Re: Use merge-based matching for MCVs in eqjoinsel - Mailing list pgsql-hackers

From David Geier
Subject Re: Use merge-based matching for MCVs in eqjoinsel
Date
Msg-id 412007b6-a324-44f5-91ed-c869004854ec@gmail.com
Whole thread Raw
In response to Re: Use merge-based matching for MCVs in eqjoinsel  (Ilia Evdokimov <ilya.evdokimov@tantorlabs.com>)
Responses Re: Use merge-based matching for MCVs in eqjoinsel
List pgsql-hackers
Hi Ilia!

> I have read all the previous messages - and yes, you are right. I don’t
> know why I didn’t consider using a hash table approach initially. Your
> idea makes a lot of sense.

Your solution would be beneficial on top, for cases where the data type
is not hashable. But I think that's overkill for a v1. I would start
with the hash-based version.

> To evaluate it, I ran benchmarks on JOB with three variants:
> 
> $ ./benchmark.sh master
> $ ./benchmark.sh merge
> $ ./benchmark.sh hash
> 
> I compared total planning time across all 113 queries.
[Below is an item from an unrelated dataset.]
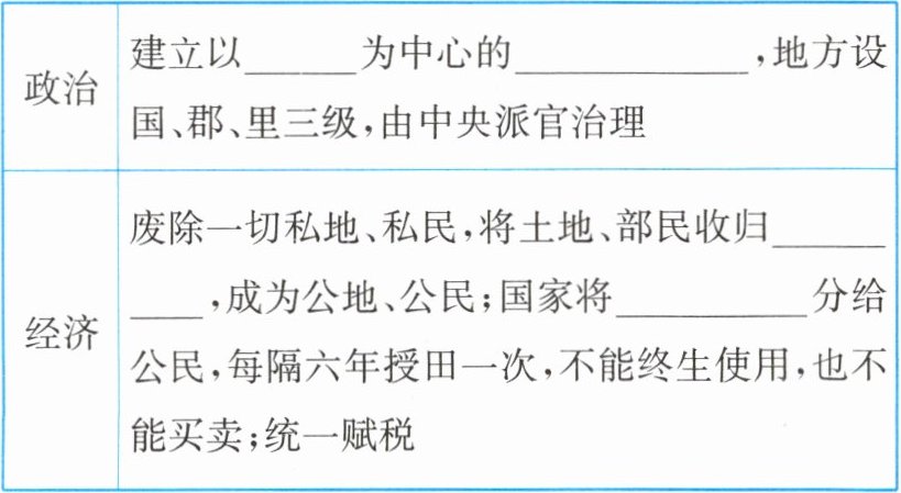 |经济|废除一切私地、私民,将土地、部民收归______,成为公地、公民;国家将______分给公民,每隔六年授田一次,不能终生使用,也不能买卖;统一赋税|

Was this running with optimizations? How did you extract the planning time?

> 
> $ python3 planning_time.py master hash
> default_statistics_target | Planner Speedup (×) | Planner Before (ms) |
> Planner After (ms)
> --------------------------------------------------------------------------------
> 100                       | 1.00                | 1892.627            |
> 1886.969
> 1000                      | 1.09                | 2286.922            |
> 2100.099
> 2500                      | 1.94                | 4647.167            |
> 2400.711
> 5000                      | 6.15                | 17964.779           |
> 2919.914
> 7500                      | 10.58               | 38622.443           |
> 3650.375
> 10000                     | 16.33               | 69538.085           |
> 4257.864
> 
> $ python3 planning_time.py master merge
> default_statistics_target | Planner Speedup (×) | Planner Before (ms) |
> Planner After (ms)
> --------------------------------------------------------------------------------
> 100                       | 1.00                | 1892.627            |
> 1898.622
> 1000                      | 1.12                | 2286.922            |
> 2033.553
> 2500                      | 1.92                | 4647.167            |
> 2423.552
> 5000                      | 5.94                | 17964.779           |
> 3025.739
> 7500                      | 10.48               | 38622.443           |
> 3684.262
> 10000                     | 16.72               | 69538.085           |
> 4159.418

I would have expected the delta between the "merge" and "hash" variant
to be bigger, especially for default_statistics_target=10000. My small
test also showed that. Any idea why this is not showing in your results?

> Based on these results, I’d prefer the hash lookup implementation, so I
> think it makes sense to improve your patch further and bring it into
> good shape. Shall I take care of that, or would you prefer to do it
> yourself?

I think process-wise it's best if you review my code and I do the changes.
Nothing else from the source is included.